Edges are defined as follows. If at least one thread exists, in which two project participants have submitted at least one mail posting in a mailing list, a link between them is added to the project graph. To simplify the further analysis, the edges are unweighted. As previously stated, we assume that core and periphery of the OSS communities participate differently in the RE process. Hierarchical clustering is used in order to separate these two community layers. The method is based on social network properties of community members. In this study, we cluster communities based on degree centrality (the number of edges incident upon a node). The primary approach behind this method is shown in Algorithm 1. In order to track the evolution of periphery and core over time, periphery is separated from core in period between two releases j and \(j+1\) in the corresponding social network \(graph_{(j;j+1)}\).

figure a

3.2 Requirements Detection Within the OSS Mailing Lists

In order to automatically extract postings from the OSS mailing lists which contain requirements, adapted text mining algorithms are applied. First, irrelevant (or even distorting) posts such as quotations, Spam, auto-generated bug reports and announcements are deleted [9]. After this data cleaning, the OSS mailing list postings are considered as bags of words: one posting - one document. Each document is modeled as a vector of features which correspond to terms in the corpus vocabulary.

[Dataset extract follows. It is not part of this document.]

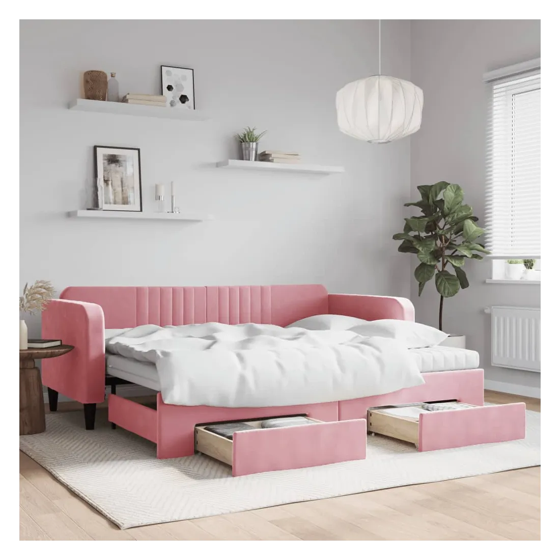 Ce lit de repos 2 en 1 avec lit gigogne, servant à la fois de canapé et de lit, constitue un supplément pratique et accrocheur à votre salon ou chambre à coucher. Lit de repos polyvalent : le canapé-lit fonctionne comme un canapé pendant la journée et se transforme facilement en lit double la nuit en retirant le lit gigogne, offrant une solution pratique pour accueillir des invités et maximiser l'espace.Grand espace de rangement : ce lit d'appoint dispose de deux tiroirs à roulettes qui offrent suffisamment d'espace pour ranger vos vêtements, chaussettes, jouets, coussins, etc.Matelas en mousse confortable : ce lit est fourni avec deux matelas en mousse pour un soutien maximal et un confort optimal.Velours doux et construction solide : ce canapé-lit a un cadre robuste en bois et en métal et est recouvert de velours doux et confortable.

Table 1. Segment of domain specific lexicon for detecting requirements

For the classification tasks, the Naïve Bayes algorithm is applied. The Naïve Bayes technique is one of the most efficient classification learning algorithms [39]. It is based on a probabilistic generative model. In order to assign documents (\(=\)postings) either to requirement or to non-requirement groups based on their content, a domain specific lexicon optimized to the jargon of bioinformatics OSS projects is created and presented in the Table 1. In this context, the Bayes rule is defined as follows:

$$\begin{aligned} Pr(req|words)=\frac{Pr(words|req)Pr(req)}{Pr(words)} \end{aligned}$$
(2)

where Pr(req|words) is the probability that a document classified to the class requirements contains certain words which identify this class. The number of requirements is calculated and normalized for each period between two releases \(REQ(t_j, t_{j+1})\). To perform classification tasks, the open-source data mining framework RapidMiner is used [18].

3.3 Sentiment Within the OSS Communities

To measure the “mood” within the OSS layers, a proportion of postings with positive sentiment to the overall number of postings is monitored. We expect positive mood among peripheral OSS project participants to reflect the satisfaction with the system and in turn the success of the RE process. In order to estimate the polarity of mailing lists’ postings, we created a classification model for our data set. We selected a Support Vector Machine (SVM) algorithm as a classification approach, because it showed the most convincing results in the sentiment analysis [24]. A basic SVM classifier applied upon a set of input data classifies each given input into one of two possible classes: POS and NEG. Initially, the training set has to be provided, in order to infer some general correspondence between the input data and classification groups. Following a particular training set of labeled examples, the learning algorithm constructs a decision rule which can then be used to predict the labels of new unlabeled examples. The decision rule is based on the linear distance function [20].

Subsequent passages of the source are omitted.